[PROVIDED DATA Boundary: Start]

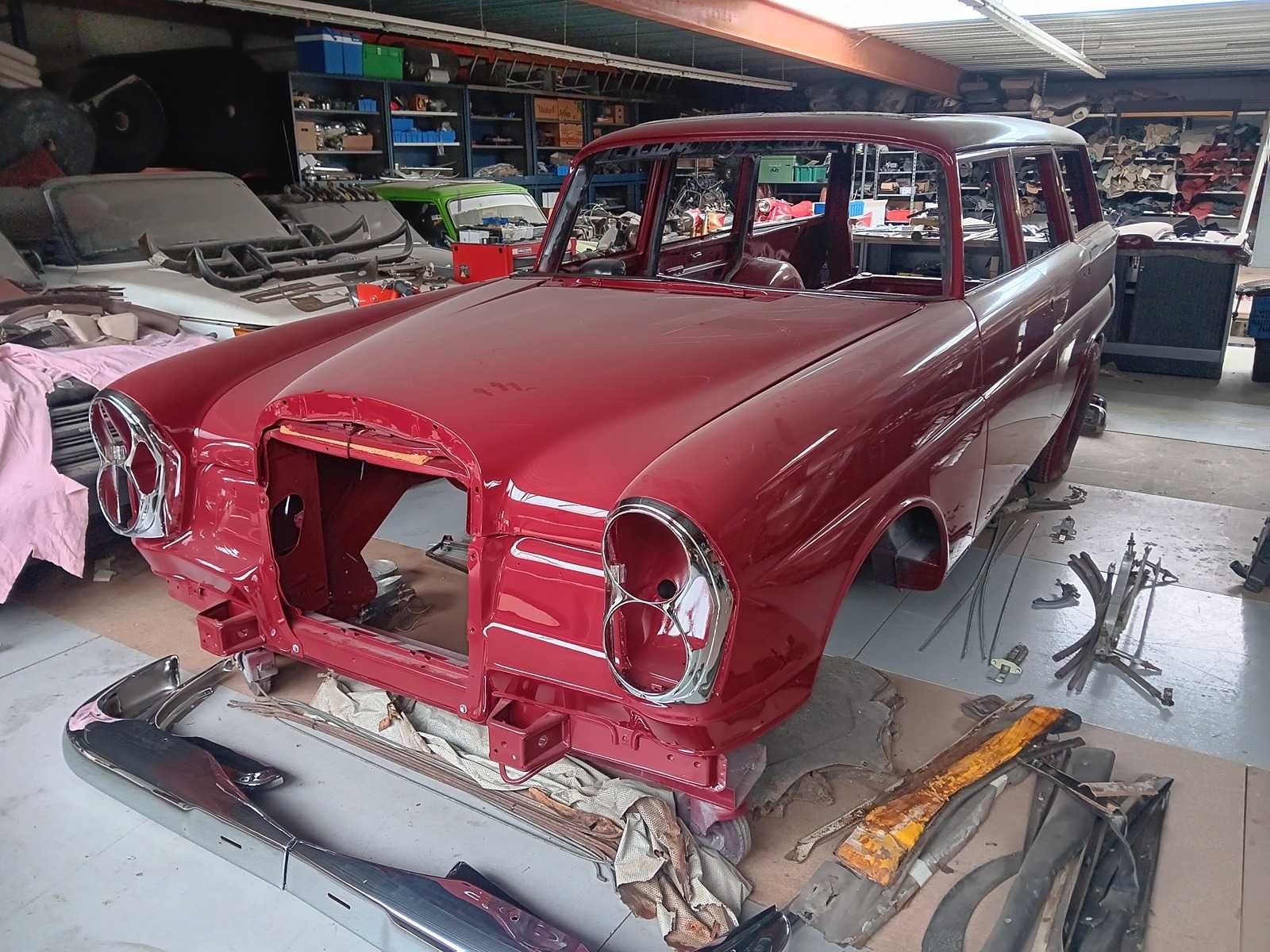Very rare and beloved Mercedes Universal in luxury version including: webasto roof, air conditioning and 7 seats. The Estate built by the Belgian company I.M.A in Mechelen. Probably only 3 right-hand drive versions of produced. Concerns a finishing, overcomplete project. This because the previous owner still had a “donor car” available. Fully complete. Already over 80 percent of the chrome work renewed. Engine and gearbox have recently had an overhaul, as well as suspension parts and axles. A rare car for the enthusiast. No Merk: Mercedes Model: 230 S Universal Estate Afgelezen kilometerstand: 1000km Brandstof: gasoline Datum eerste toelating: 1966 Nationaliteit documenten: UK Carrosserie: station Aandrijving: rear Transmissie: Automatic Vermogen (pk): 171 Aantal deuren: 5 Aantal zitplaatsen: 7 Stuurwiel: right Startinformatie: /// Kleur: Bordeaux Cilinderinhoud: 2306 Aantal cilinders: 6
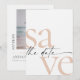 Dessa 5 x 7-tumsdisketter för att spara datumkorten har en minimalistisk utformning i stort och mjukt svart brev på en mycket lätt grått bakgrund med platshållare på baksidan för det förlovade paret namn, bröllop datum, platsinformation och ditt favoritfoto!
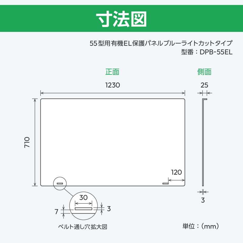 | 55型 | DPB-55EL | (W)1230mm×(H)710mm×(D)25mm (t)3.0mm | 150cm×2 |
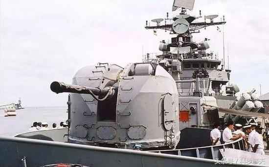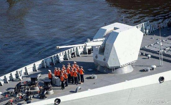 图为俄罗斯现代级的双联130毫米舰炮,炮塔下面还是堆积着一坨一坨的“粑粑”。
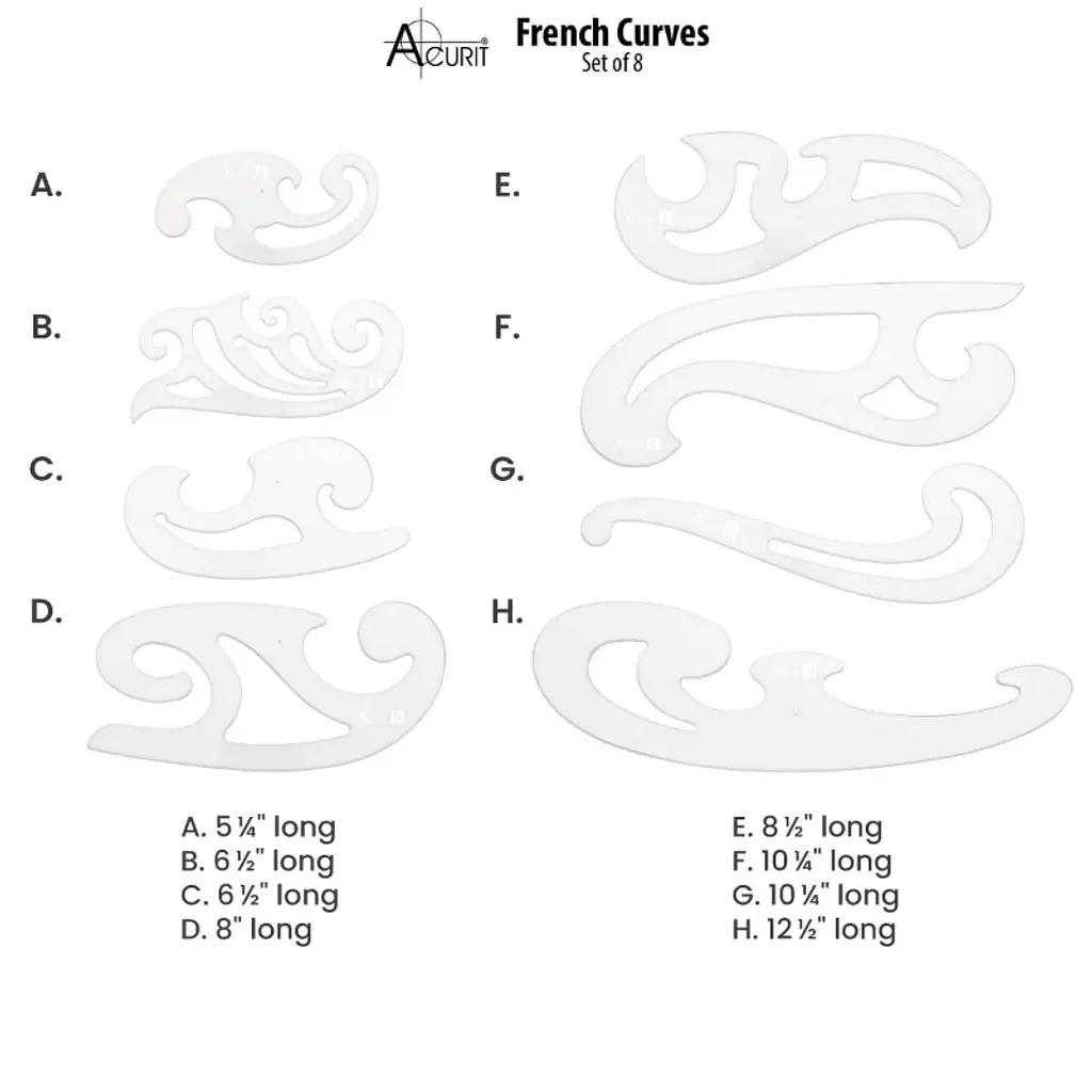 Acurit French Curve Set Of 8 – Clear Plastic Drawing Templates For Sewing, Pattern Making, Drafting, Fashion Design, Architecture, Graphic
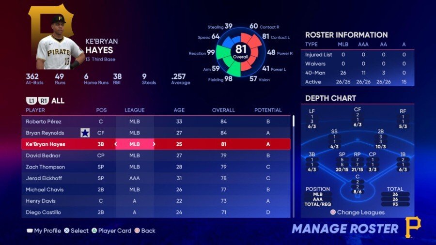 Pirates는 Bryan Reynolds와 Ke’Bryan Hayes(81 OVR)가 이끌고 있습니다. 레이놀즈는 중견수로서 필수적인 공격과 수비를 할 수 있다. Hayes는 Nolan Arenado가 아닌 최고의 수비 3루수로 간주되며 일부 전문가들은 Hayes가 이미 Arenado를 능가했다고 생각합니다. 로베르토 페레즈는 포수에서 자신의 능력을 돕습니다.
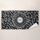 tylish fashionable music themed designer towel set in classic black and white featuring a circle of fifths wheel with white random music notes background, great additional to the music themed bathroom or en suite
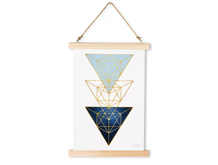 Viseče platno je na obeh straneh pritrjeno z lesenimi letvicami iz smrekovega lesa. Zahvaljujoč trpežni vrvici, ki je z ročaji pritrjena ob leseni okvir, lahko platno preprosto in elegantno obesite. Ponujamo vam različne barve obrob, ki jih lahko k platnu prilagodite po svojem okusu.
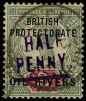 1893 ½d on 2d handstamped Type 3, used with Old Calabar CDS of JY 3 94. good colour. SG 9, £375

[PROVIDED DATA Boundary: End]

--- YOUR ASSIGNMENT ---
The required output is each line above restated verbatim, with all images omitted.

--- PROBLEM SOLUTION ---
Very rare and beloved Mercedes Universal in luxury version including: webasto roof, air conditioning and 7 seats. The Estate built by the Belgian company I.M.A in Mechelen. Probably only 3 right-hand drive versions of produced. Concerns a finishing, overcomplete project. This because the previous owner still had a “donor car” available. Fully complete. Already over 80 percent of the chrome work renewed. Engine and gearbox have recently had an overhaul, as well as suspension parts and axles. A rare car for the enthusiast. No Merk: Mercedes Model: 230 S Universal Estate Afgelezen kilometerstand: 1000km Brandstof: gasoline Datum eerste toelating: 1966 Nationaliteit documenten: UK Carrosserie: station Aandrijving: rear Transmissie: Automatic Vermogen (pk): 171 Aantal deuren: 5 Aantal zitplaatsen: 7 Stuurwiel: right Startinformatie: /// Kleur: Bordeaux Cilinderinhoud: 2306 Aantal cilinders: 6
 Dessa 5 x 7-tumsdisketter för att spara datumkorten har en minimalistisk utformning i stort och mjukt svart brev på en mycket lätt grått bakgrund med platshållare på baksidan för det förlovade paret namn, bröllop datum, platsinformation och ditt favoritfoto!
 | 55型 | DPB-55EL | (W)1230mm×(H)710mm×(D)25mm (t)3.0mm | 150cm×2 |
 图为俄罗斯现代级的双联130毫米舰炮,炮塔下面还是堆积着一坨一坨的“粑粑”。
 Acurit French Curve Set Of 8 – Clear Plastic Drawing Templates For Sewing, Pattern Making, Drafting, Fashion Design, Architecture, Graphic
 Pirates는 Bryan Reynolds와 Ke’Bryan Hayes(81 OVR)가 이끌고 있습니다. 레이놀즈는 중견수로서 필수적인 공격과 수비를 할 수 있다. Hayes는 Nolan Arenado가 아닌 최고의 수비 3루수로 간주되며 일부 전문가들은 Hayes가 이미 Arenado를 능가했다고 생각합니다. 로베르토 페레즈는 포수에서 자신의 능력을 돕습니다.
 tylish fashionable music themed designer towel set in classic black and white featuring a circle of fifths wheel with white random music notes background, great additional to the music themed bathroom or en suite
 Viseče platno je na obeh straneh pritrjeno z lesenimi letvicami iz smrekovega lesa. Zahvaljujoč trpežni vrvici, ki je z ročaji pritrjena ob leseni okvir, lahko platno preprosto in elegantno obesite. Ponujamo vam različne barve obrob, ki jih lahko k platnu prilagodite po svojem okusu.
 1893 ½d on 2d handstamped Type 3, used with Old Calabar CDS of JY 3 94. good colour. SG 9, £375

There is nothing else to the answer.